Brigid shook her head. 'I can't tell you any more. I'm not allowed.'

'Not allowed by whom?' Caitlin demanded. There was a long pause while Brigid turned the question over. In the end, she simply said, 'Not allowed.'

She returned to her detached cackling and Amy got up and wandered away. Caitlin stared out to the bleak horizon where the black sky merged with the white Ice Field, terribly afraid of what lay ahead.

An hour passed, two, and then they started to lose all sense of time. There was just the greenwood, dense and never-ending, like green static hissing at the back of their heads. Oak, ash, elder, hawthorn, rowan, thick banks of creeper, fern, nettle, gorse, long grass.
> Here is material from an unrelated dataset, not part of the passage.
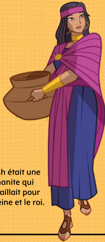
Abish était une Lamanite qui travaillait pour la reine et le roi.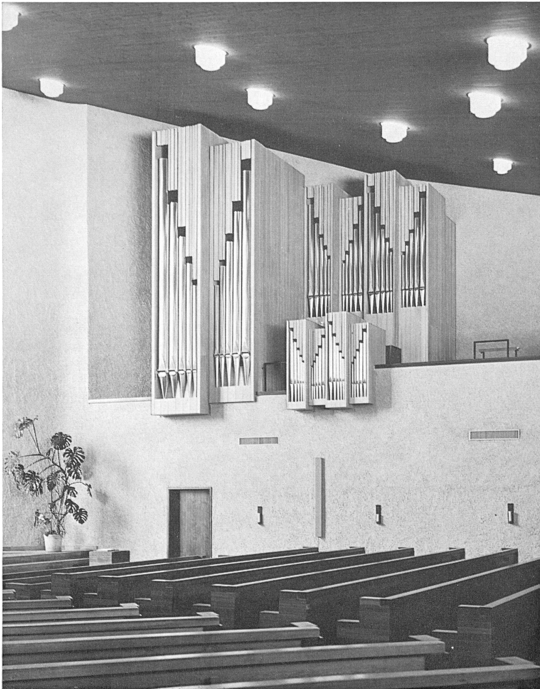
Windisch. – Marienkirche: Orgel

Sometimes they would chop the path clear with Mahalia's rusted sword, only to see it mysteriously close up behind them. Yet it was hypnotic in its monotony, lulling them into a somnambulistic state.

Perhaps they even slept as they walked — none of them could be wholly sure - but it was a while before Caitlin's conscious mind accepted that it was seeing movement under the trees on either side. 'Did you see that?' she asked lazily.

No one responded; the only sound was the rhythmic plod of their feet.

She glanced back and forth, seeing nothing unusual, but when she looked ahead, the flickerings on the edge of her vision disturbed her once again. 'What is that?' she muttered with irritation, plucking at her eyelashes to see if dust was distorting her vision.

A breeze; her skin turned gooseflesh. Or was it wind, for despite the heat of the day it was cold and it was here and gone in a fraction of a second; it felt like a breath.

As she continued to walk she became more receptive to movement, on both sides. At first it looked like the flashes of shadow and light that appear outside a fast-moving car on a summer's day, but the more she concentrated, the more they fell into relief. Shapes. Figures! Insubstantial, like mist forming the essence of a person. They moved quickly, flickering amongst the boles of the trees, some near, some far away.
Now she had realised what it was, the spectacle was mesmerising. She was in a dream, sitting on the lawn on a summer's eve as the curious moths came from all over to investigate the lamp.
In this half-detached state, it took her a while to realise that one of the shapes had stopped and was allowing itself - if that was the right way to consider it - to stand in full view. She looked directly at it and was surprised to see a man with long white hair and a pleasant, smiling face beckoning to her. Still insubstantial, he had a Regency look, wearing a frock coat and pantaloons, and his mood was one of cheery optimism, as if he had just spotted a long-lost friend.
Behind him, the other shapes continued to flit hypnotically amongst the trees, scores of them, perhaps hundreds.
Caitlin smiled and the ghost smiled back. He beckoned again. He had something he wanted to show her, or hospitality he wished to offer.
She wondered briefly why a man in Regency costume would be haunting a forest in the middle of another world, but the thought came and went as quickly as his brethren. She was fascinated: by him, by the way the light broke through the leaves, by the constant movement, but she barely considered the fact that all sound had disappeared from the world.
'Come,' he appeared to be saying in his silent way, 'we shall have such fun together.'
Something large thundered through the trees deeper into the wood; an enormous oak cracked and fell, jarring the ground so forcefully that she almost stumbled. Whatever had crashed into it continued on its way, but the disruption broke the spell.

The ghost looked over his shoulder in shock and in an instant his appearance changed. Caitlin had a fleeting impression of something old and twisted, not human at all, and then it was gone into the trees, screaming silently.